Their music cannot be classified, but it is a definite attack on the senses. With elements of industrial, punk, and just plain weirdness thrown, this album twists and twirls through your mind with songs like Playground Twist and Christine. This is truly sensual music experienced best when you immerse yourself completely and thoroughly in it.
This is a testament to one of the better, but highly underrated, bands of all time. The sheer dissonance of the 16 selections in this album combined with the haunting lyrics and emotionally charged melodies is enough to give one exquisitely pleasant nightmares. A listening at the surface is not enough to completely grasp the nature of the mystique that Siouxsie Sioux and her band have wrapped around themselves. The album contains songs like Fireworks, Candyman (if you're a fan of the movie, you have to listen to this), Peek-a-boo, Face to Face, Kiss Them for Me, and a twisted gothic interpretation of the Beatles' Dear Prudence.
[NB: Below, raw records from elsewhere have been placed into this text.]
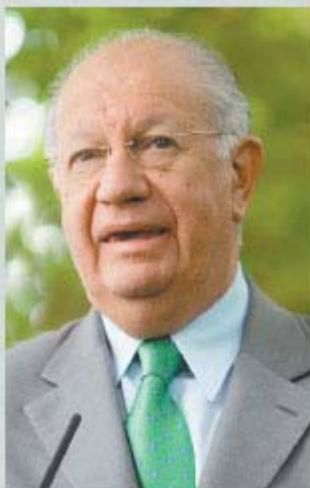
LAGOS (PPD-PS). - Dice no ser candidato, pero el PPD insiste en su nombre.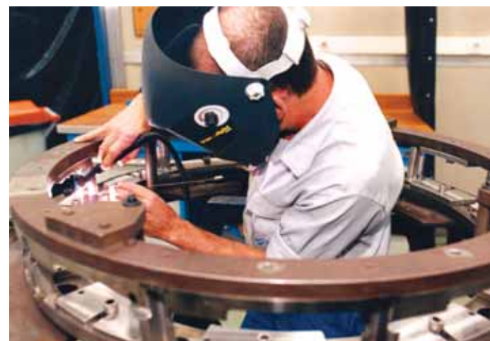
Los certificados afectan a ITP Ingeniería y Fabricación (ITP I&F), Industria de Tuberías Aeronáuticas México (ITAM) y Turborreactores (ITR)

ITR ubicada en Querétaro (México) se dedica a la reparación de los motores y pruebas de los mismos, JT8, TP331 y, a corto plazo, CFM-56 mediante la 'joint venture' al-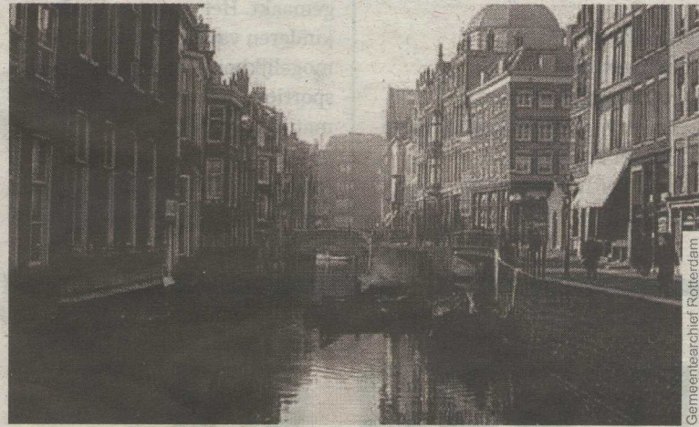
Zicht op het Steiger 1908.

In 1905 werd het gedeelte van het Steiger tussen het spoorwegviaduct en de Hoofdsteege gedempt. Dit gedempte gedeelte noemden ze Middensteiger. De Hoenderbrug kwam vervolgens te vervallen.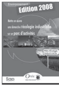
14 38,8 €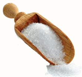
САХАРНЫЙ ПЕСОК, 1 КГ

ИНТЕРНЕТ-МАГАЗИН НАРОДНЫЙ №1 ЗАКАЖИ ТОВАРЫ НЕ ВЫХОДЯ ИЗ ДОМА!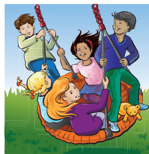
JUPÍ, vši jsou PRYČ!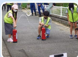
▲ジュニアチームの消火作業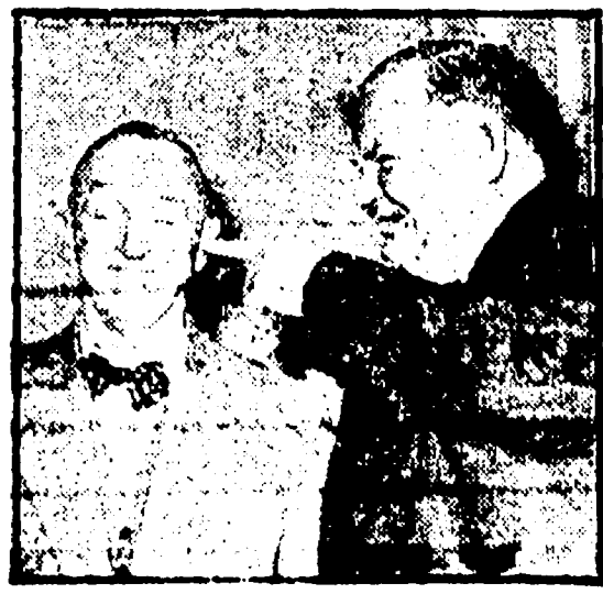
Nella foto: Stan Laurel e Oliver Hardy, protagonisti del film «Muraglie» che va in onda domenica.

La scorsa settimana, i programmatori mandarono in onda un primo canale con giusta tempestività, una volta tanto un dibattito sulla figura di Pompidou e sulla crisi aperta in Francia dalla sua scomparsa. Per far posto a questa trasmissione, fu rinviata l'ultima puntata del ciclo Le Americhe nere, che è stata recuperata mercoledì scorso; ma in seconda serata e in alternativa ad una trasmissione di richiamo come la telecronaca diretta della partita di calcio Milan-Borussia. Le conseguenze dello spostamento non sono difficili da valutare, anche senza disporre di dati statistici precisi: l'ascolto di questa ultima puntata di Le Americhe nere (per alcuni versi la migliore di un ciclo già di per sé interessante) avrà automaticamente perduto una parte rilevante di potenziali spettatori.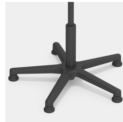
Absolut robustes Kunststoff-Fußkreuz in schwarz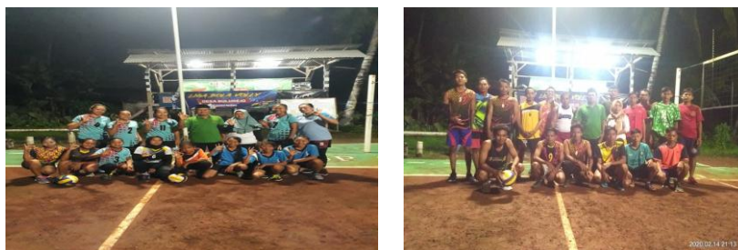
Gambar 4. Tim Putra dan Putri Desa Bulurejo

Menjadi pemain bolavoli profesional harus mampu menguasai teknik dasar dengan baik. Beberapa teknik dasar bolavoli yang harus dikuasai yaitu servis, pasing, pukulan, dan bendungan. Dalam usaha untuk mencapai suatu keberhasilan dalam mencapai prestasi yang optimal ada beberapa faktor yang menentukan antara lain faktor Kondisi Fisik atau Tingkat kesegaran jasmani, faktor kemampuan teknik dan ketrampilan yang dimilikinya (Setyawan AR, 2011). Komponen kondisi fisik terdiri dari kekuatan, daya tahan, kecepatan, kelenturan, kelincahan dan koordinasi (Bachtiar Y, 2019).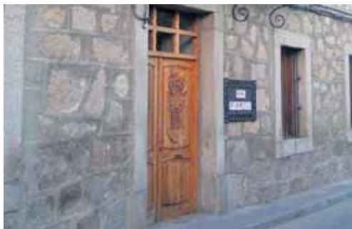
Ayuntamiento de Casavieja.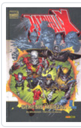
PATRULLA-X: GENESIS MORTAL (MD) BRUBAKER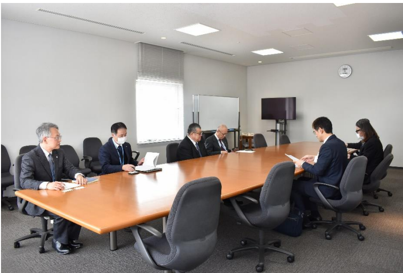
← 締結式後の懇談会の様子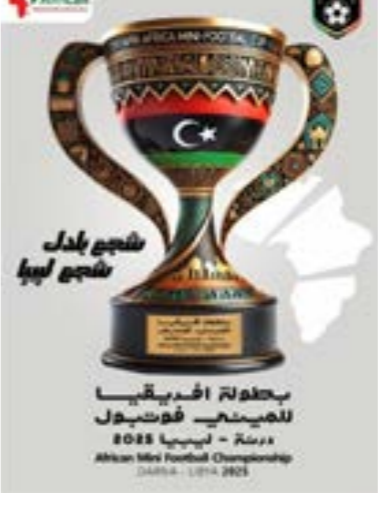
• شعار بطولة أمم أفريقيا

تستضيف مدينة بدرنة مدينة دينة منتصف الشهر المقبل قرعة بطولة أمم أفريقيا للميني فوتبول التي تستضيفها ليبيا خلال شهر أبريل 2025. وأعلن الاتحاد الليبي للعبة أن المنتخب الليبي سيخوض مباراة مهمة أمام منتخب رومانيا في مباراة «الماستر كب»، وذلك لمتناسبة إجراء قرعة بطولة الأمم الأفريقية التي تستضيفها ليبيا على ملعب بدرنة الدولي، وقال إن المباراة ستقام في السادسة والنصف مساء في الخامس عشر من ديسمبر على ملعب بدرنة الدولي.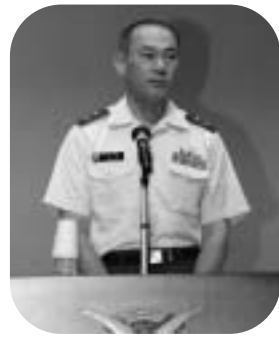
▲団長による講演の様子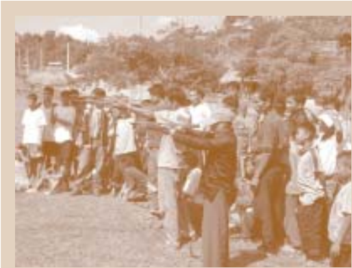
ງານແຂ່ງຂັນ ຍິງໜ້າເກັກ ຢູ່ເມືອງ ວຽງພູຄາ ແຂວງ ຫລວງນໍ້າທາ

ກ່ອນຈະເອົາລູກໜ້າໄປຍິງຈາກໜ້າເກັກນີ້, ລູກໜ້າຈະຕ້ອງໄດ້ເອົາໄປຫາໃສ່ຢາພິດທຳມະຊາດ ຫຼື ເອີ້ນວ່າ ໜ້ອງ ເສຍກ່ອນ ຈຶ່ງເອົາໄປຍິງໄດ້. ຢາພິດນີ້ເອົາມາຈາກຕົ້ນສັບ ເອີ້ນວ່າໜ້ອງ. ຊຶ່ງເປັນຢາພິດ ທີ່ມີລິດສູງ ແລະ ຖ້ານາຍພານບັງເອີນຖືກລູກໜ້າໜ້ອງບາດ ຫຼື ລູກໜ້າໜ້ອງຂິດໃສ່ຮອຍບາດ ລາວກໍ່ຈະຕາຍ. ຢູ່ບ້ານຕະອອງຍັງໂຊກດີ ເພາະວ່າເຂົາເຈົ້າສາມາດປິ່ນປົວອາການນີ້ ໄດ້ຜູ້ທີ່ຖືກບາດເຈັບສາມາດປິ່ນປົວໄດ້ ດ້ວຍການກິນຈີ່ກະປູສິດ. ຊາວບ້ານນີ້ ໄດ້ເອົາໃຈໃສ່ຢາງເຄັ່ງຂັດ ໂດຍບໍ່ເອົາລູກໜ້າໜ້ອງ ໄປວາງໄວ້ຢູ່ໃກ້ກະປູ ເພາະຈະເຮັດໃຫ້ພິດຢາຂອງ ໜ້ອງ ເສຍຄຸນ.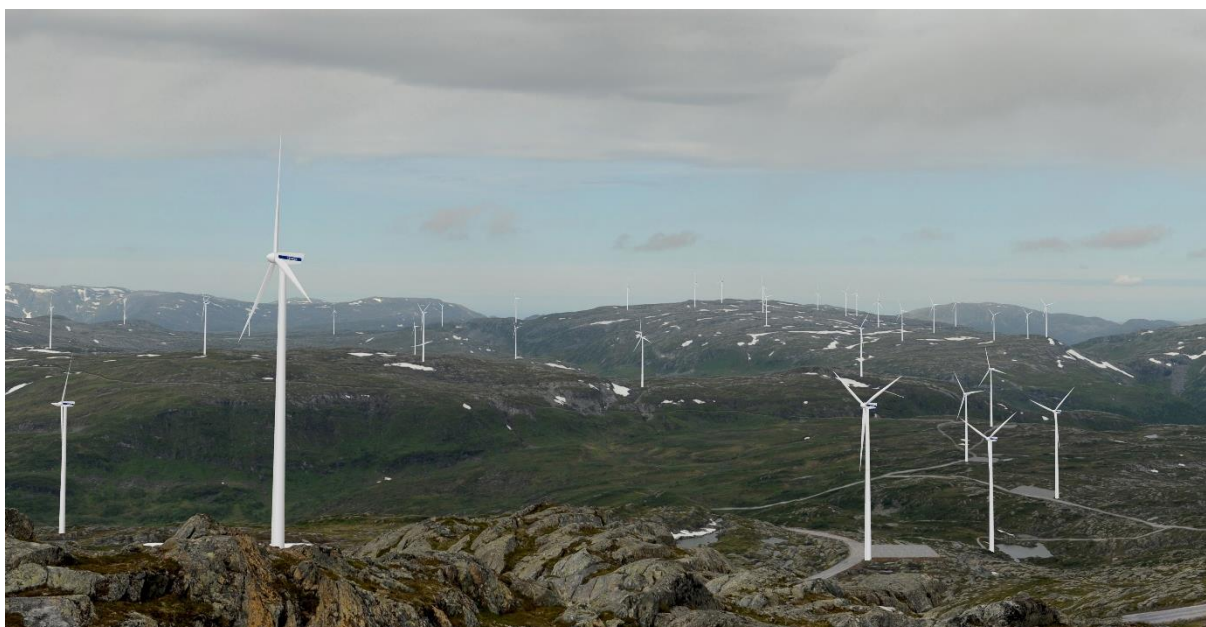
Figur 5: Deler av Øyfjellet vindpark sett fra fjellplatået (fotomontasje). Det er en skog av turbiner her, men ikke mye av dette er synlig fra bebyggelse.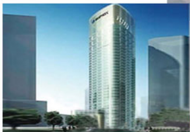
上海未来资产大厦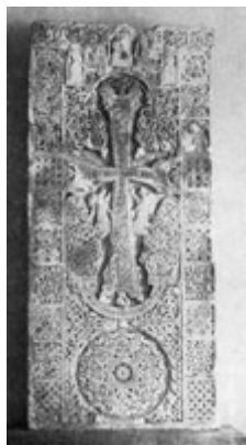
Рис. 66. Хачкар из Нагорного Карабаха (XIV в.).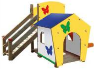
PE02121 € 1.450,00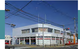
近江守山郵便局 徒歩 11～12分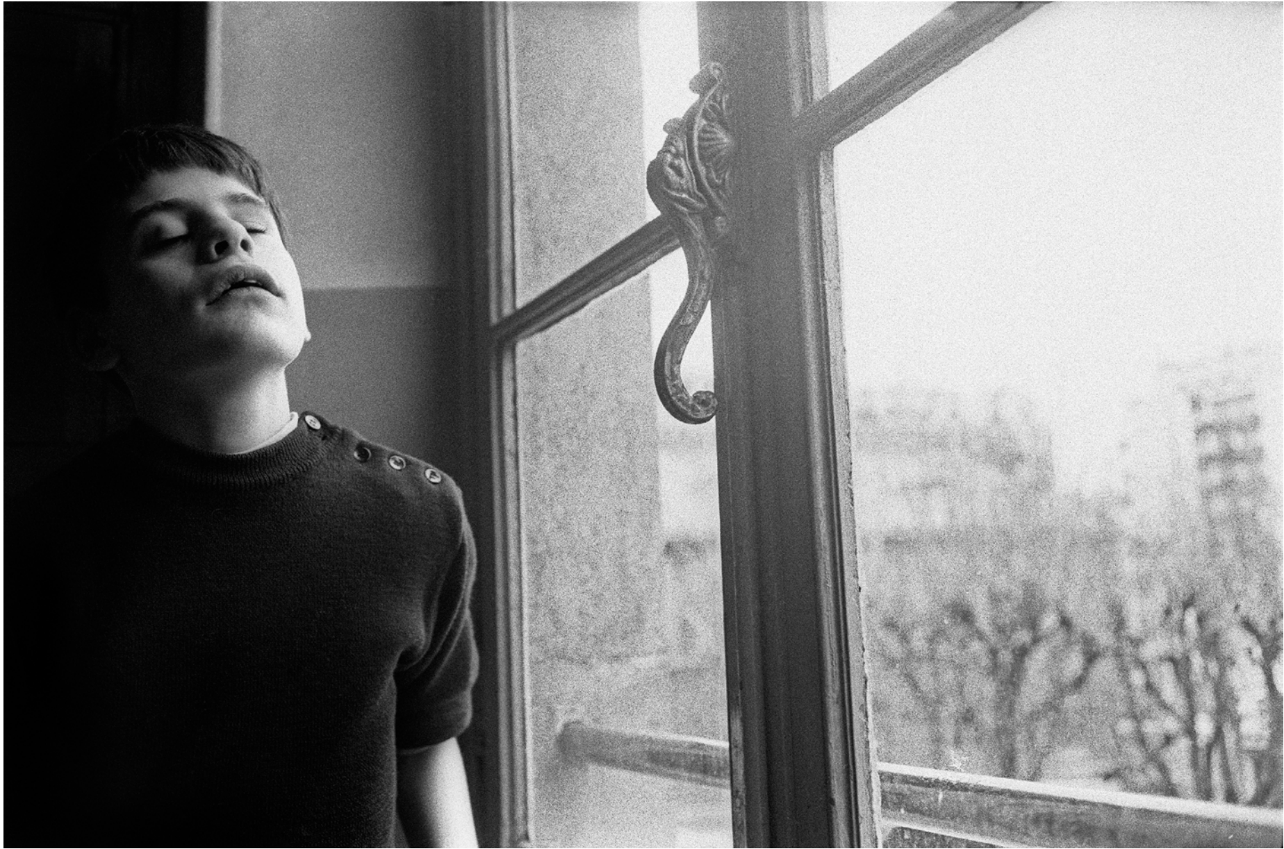
France, Paris, L'Institut National des Jeunes Aveugles., Extérieur nuit , - 1979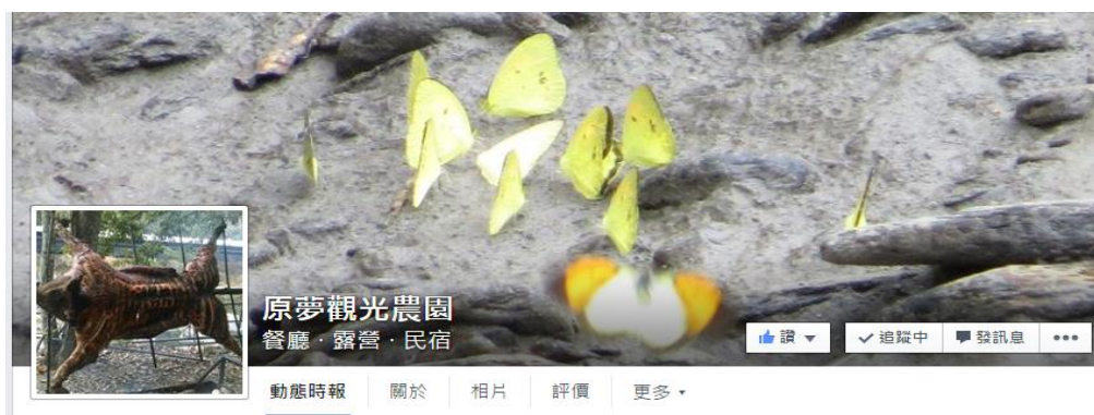
圖一 原夢觀光農園 facebook 封面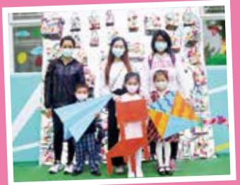
What an interesting game 紙橋真好玩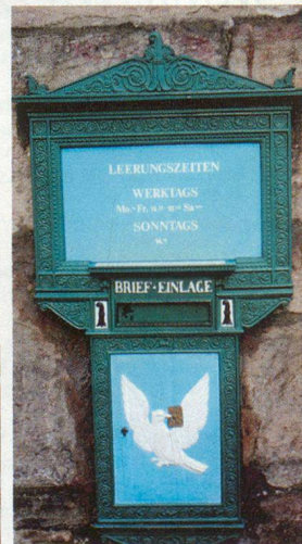
Der «Baslerdybli»-Briefkasten am Spalentor.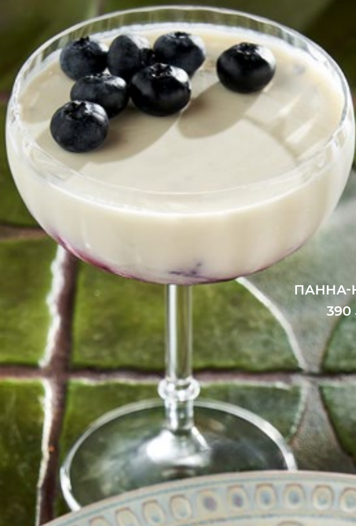
ПАННА-КОТТА 390 Р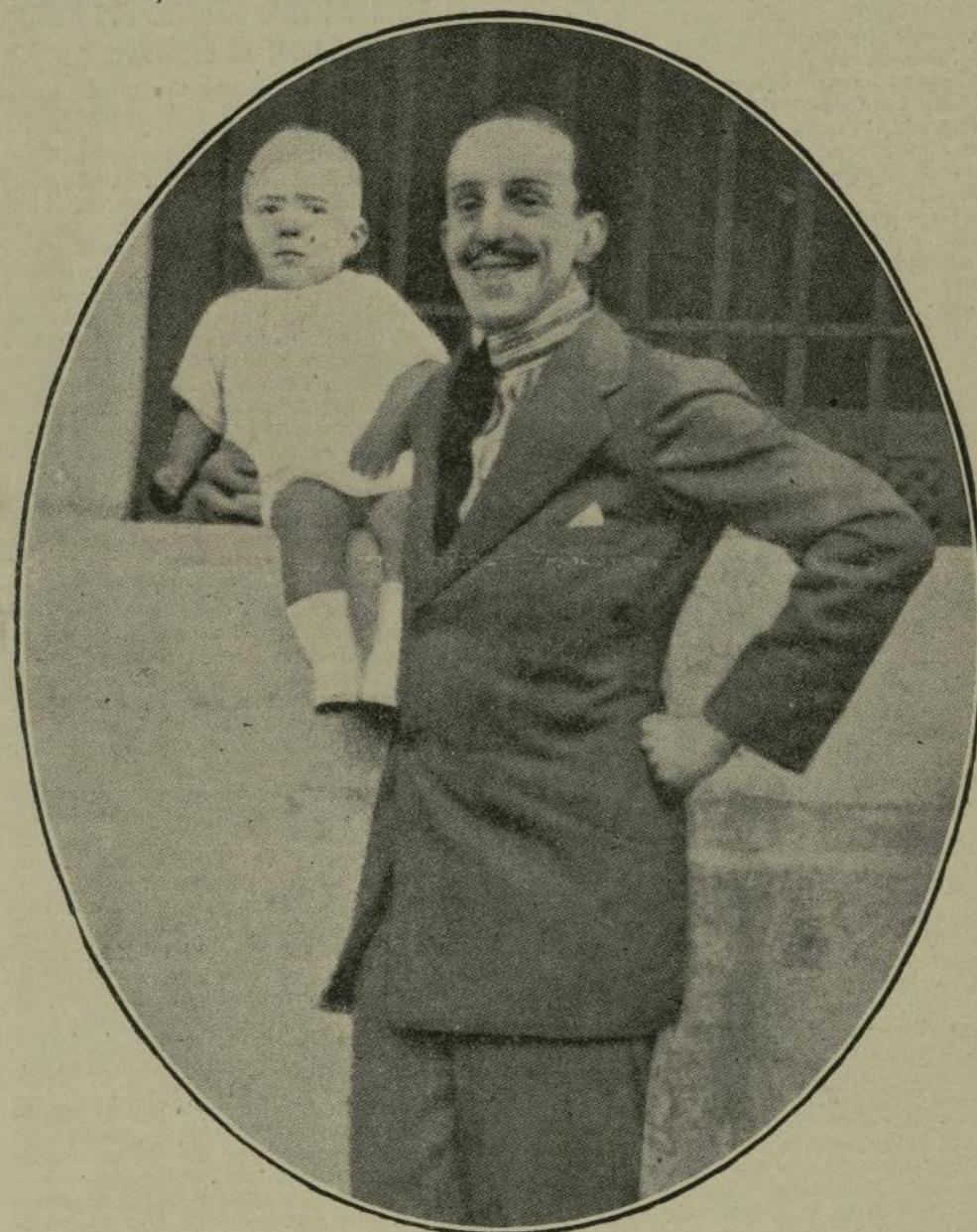
Su Majestad el Rey, con su augusta hijo el Infante D. Juan. Esta fotografía fué hecha en la Academia de Artillería el 20 del actual, día en que cumplió el Infantito su primer aniversario.

Sr. Dato quedará proclamado jefe del partido conservador.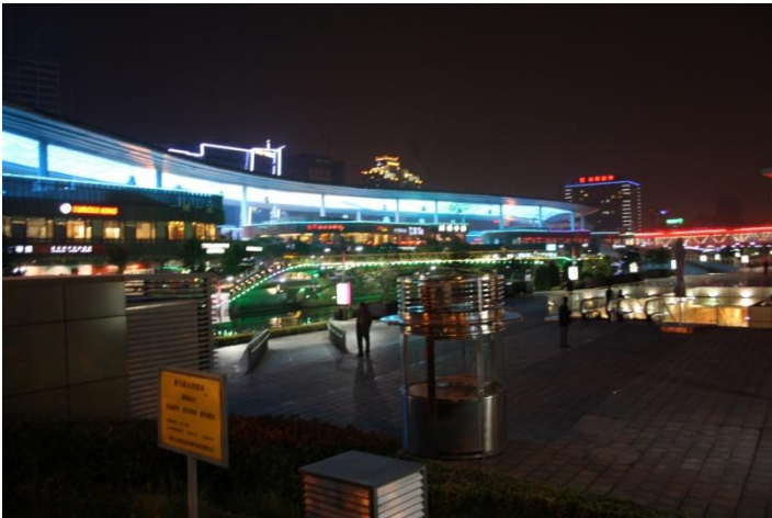
Kuva 12. Time Squaren 500 metriä pitkä sky-screen

Tämän jälkeen Wiklundin taulutelevisio näyttää melkoisen hupaisalta.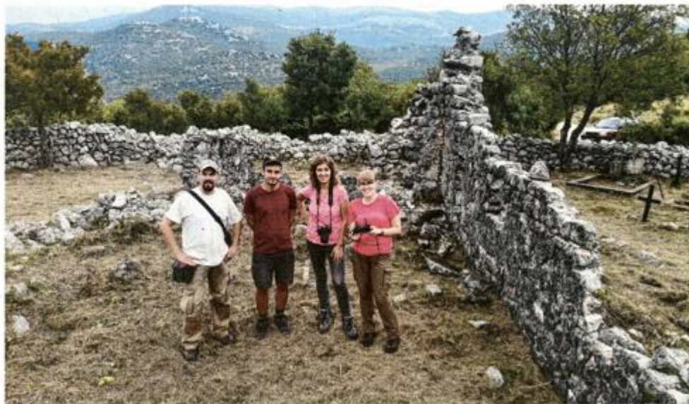
Tim na zadatku

Pri istraživanju područja oko crkve sv. Jurja naišli su i na nadgrobnne ploče s kraja 19. stoljeća te groblje iz 20. stoljeća koje se djelomično koristi i danas. Nadgrobnne ploče imaju vrlo specifičnu formu i ikonografiju: pretežno su duguljastog pravokutnog oblika sa zašiljenim donjim dijelom. No ne stoje, kao što bi se očekivalo, okomito ukopane u zemlju, nego pokrivaju grobne rake u cijelosti. U sredini imaju udubinu koja je vjerojatno služila da bi se postavio križ ili cvijeće, a ukrašene su specifično izvedenim motivima lovorovog ili maslinovog lišća, križa i srca sa zrakama, kakvih nema na drugim lokalitetima. Natpisi, na latinici i hrvatskome jeziku, donose imena i prezimena pokojnika, godinu rođenja i smrti, a pretežno se radi o mlađim osobama. Ne zna se je li možda riječ o žrtvama neke

It has been a long road for for this Sioux, since the days the Sex Pistols opened for them. The Banshees seem to follow the pattern of a sinusoidal curve with their albums---intermingling superbly crafted releases with some pretty lame work at times. The Rapture stands out on a peak, however. The album is less guitar-oriented than I'd like it to be, but definitely dark and almost too serious at times. It fits very well in continuing the image that Siouxsie Sioux has built up around her. The aura of the mysterious and the painful pervades throughout this album, lyrically and musically. There is a very limited amount of experimentation in this album, mainly observable in the 14-minute faster-paced title track where she asks "How can love remain the same unchained?" Although the age is telling on Sioux's looks and voice, the Banshees are still shining brightly long after most of the 70s punk/goth acts have burned out.